How to configure the Dynamic Workload Console and the master domain manager for Single Sign-On
Configure the Dynamic Workload Console and the master domain manager for Single Sign-On.
About this task
Note: When implementing a configuration in Single Sign-On, ensure you have not specified the
engine credentials in the Manage Engine section.
To enable Single Sign-On between the Dynamic Workload Console and master domain manager, perform the following steps:
Procedure
- Configure the Lightweight Directory Access Protocol (LDAP) for the Dynamic Workload Console as explained in Configuring LDAP.
-
Create the Access Control list for the LDAP group.

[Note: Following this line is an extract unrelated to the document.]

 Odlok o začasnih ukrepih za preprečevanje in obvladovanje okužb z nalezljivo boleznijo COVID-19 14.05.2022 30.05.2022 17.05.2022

For example, to give full access on domain
and folders to the LDAP group perform the following steps:
- From the Dynamic Workload Console open the Manage Workload Security panel and select Give access to users and groups.
- Select the LDAP group from the drop-down list and FULLCONTROL in the field Role.
- Select Domain and assign ALLOBJECTS.
- Save and create new
- Select the LDAP group from the drop-down list and FULLCONTROL in the field Role.
- Select Folder and assign the root by clicking
/
. - Save
-
On the workstation where the master domain manager is installed, copy the template file located in the following directory to a temporary
directory:
TWA_home/usr/servers/engineServer/configDropins/templates
- Edit the template file with the information about your LDAP server.
-
Make a backup copy of the existing
authentication_config.xml
file located in the following path:- On UNIX operating systems
-
- master domain manager
-
TWA_DATA_DIR/usr/servers/engineServer/configDropins/overrides
- On Windows operating systems
-
- master domain manager
-
TWA_home\usr\servers\engineServer\configDropins\overrides
-
Replace the existing
authentication_config.xml
file with the template you updated with the information about your LDAP server. Ensure the file permissions and ownership are correct. -
Ensure that the ltpa.keys file on both the Dynamic Workload Console and the master domain manager are identical, copying the file from one
instance to the other. The file is located as follows:
- Dynamic Workload Console
-
DWC_home/usr/servers/dwcServer/resources/security
- master domain manager
-
TWA_home/usr/servers/engineServer/resources/security
- Restart WebSphere Application Server Liberty Base on both the master domain manager and the Dynamic Workload Console by running stopAppServer and startAppServer.